A vast amount of research has been carried out to increase flame resistance and reduce smoke in such plastic materials, but further improvement continues to be required in order to make such materials suitable for many applications.
One class of materials long proposed to reduce smoke has been the use of molybdenum compounds, usually in conjunction with other compounds such as antimony oxide, in order to reduce the tendency to burn as well as the amount of smoke generated when combustion of such plastic materials is encountered.
While the vast amount of art available prohibits any detailed discussion of each article or reference, representative but non-exhaustive examples of the prior art dealing with the use of molybdenum compounds in various polymer formulations are set forth below.
U.S. Pat. No. 3,845,001 teaches that copper compounds alone or admixed with molybdenum compounds impart smoke retardant properties to combustible materials such as plastics, including polyvinyl chloride. U.S. Pat. No. 3,900,441 teaches that the smoking tendencies of PVC under combustion conditions is reduced by the use of a combination of zinc and molybdenum compounds. U.S. Pat. No. 3,914,201 indicates that polyvinyl chloride compositions are rendered more flame and smoke retardant by the use of compounds such as MoS.sub.2 and Si.sub.3 N.sub.4 and mixtures of these. U.S. Pat. No. 3,983,086 teaches that smoke retardancy can be imparted to polyvinyl chloride compositions by utilizing nickel compounds in combination with iron compounds including iron molybdate.

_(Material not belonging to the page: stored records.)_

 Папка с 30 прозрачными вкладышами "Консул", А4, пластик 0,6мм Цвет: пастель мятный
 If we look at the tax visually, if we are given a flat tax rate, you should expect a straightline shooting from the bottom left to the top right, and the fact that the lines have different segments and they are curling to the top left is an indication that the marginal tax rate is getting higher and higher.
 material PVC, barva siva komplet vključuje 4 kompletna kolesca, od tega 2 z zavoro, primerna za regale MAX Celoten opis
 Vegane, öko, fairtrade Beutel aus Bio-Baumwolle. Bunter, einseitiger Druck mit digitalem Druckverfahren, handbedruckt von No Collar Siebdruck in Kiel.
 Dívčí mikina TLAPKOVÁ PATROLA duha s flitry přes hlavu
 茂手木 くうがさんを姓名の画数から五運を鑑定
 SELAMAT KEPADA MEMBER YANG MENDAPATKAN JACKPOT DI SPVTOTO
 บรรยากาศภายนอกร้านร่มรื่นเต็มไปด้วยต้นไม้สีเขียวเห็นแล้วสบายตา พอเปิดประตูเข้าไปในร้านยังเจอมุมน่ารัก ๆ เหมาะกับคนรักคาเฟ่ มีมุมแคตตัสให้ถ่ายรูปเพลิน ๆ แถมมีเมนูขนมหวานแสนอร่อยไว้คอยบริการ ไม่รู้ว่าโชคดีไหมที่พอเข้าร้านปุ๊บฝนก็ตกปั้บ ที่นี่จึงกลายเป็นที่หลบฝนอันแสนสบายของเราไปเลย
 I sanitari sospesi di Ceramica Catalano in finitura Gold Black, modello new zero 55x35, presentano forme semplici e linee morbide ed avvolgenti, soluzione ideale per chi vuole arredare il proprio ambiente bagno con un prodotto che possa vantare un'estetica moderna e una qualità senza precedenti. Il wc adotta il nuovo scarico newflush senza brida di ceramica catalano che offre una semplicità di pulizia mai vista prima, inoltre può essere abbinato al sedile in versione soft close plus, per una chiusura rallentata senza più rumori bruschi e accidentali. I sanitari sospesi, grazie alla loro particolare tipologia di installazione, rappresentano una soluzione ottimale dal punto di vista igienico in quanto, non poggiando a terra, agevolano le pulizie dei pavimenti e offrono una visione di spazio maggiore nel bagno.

U.S. Pat. No. 4,053,453 teaches that copper oxylate and amine molybdates in combination provide smoke suppression to polyvinyl chloride compositions which are burned. U.S. Pat. No. 4,055,537 teaches that smoke retardant polyvinyl chloride compositions are obtained by a synergistic mixture of melamine molybdate and certain zinc, borate, manganese and tungsten oxide compounds. U.S. Pat. No. 4,098,753 teaches that ester-type plasticizers and inorganic molybdenum compounds provide smoke suppression to plasticized polyvinyl chloride. U.S. Pat. No. 4,133,823 teaches that the reaction products of metal oxides, such as molybdenum oxides and phosphorus compounds in a trivalent state provide flame and smoke suppression. U.S. Pat. No. 4,328,152 teaches that a combination of zinc phosphates and zinc molybdate compounds provide smoke suppression in polyvinyl chloride.
In addition, several papers published by the Climax Molybdenum Company, Ann Arbor, Michigan, show that molybdenum compounds can be effective smoke suppressants for both plasticized and rigid PVC compounds. In Plastic Engineering, 1975, 31(12), 36-8, molybdenum trioxide and ammonium molybdates were taught to be flame retardants and smoke suppressants for PVC. In the Society for Plastic Engineering Technical Papers, 1977, No. 23, pp. 414-416, molybdenum compounds were taught to be effective smoke suppressants for rigid and plasticized PVC. In Fire Retardant Proceedings; The International Symposium, Flammability Fire Retardants, 1976, pp. 216-227, molybdenum compounds were taught to be effective fireproofing agents and smoke suppressants for flexible PVC, especially in combination with antimony oxide.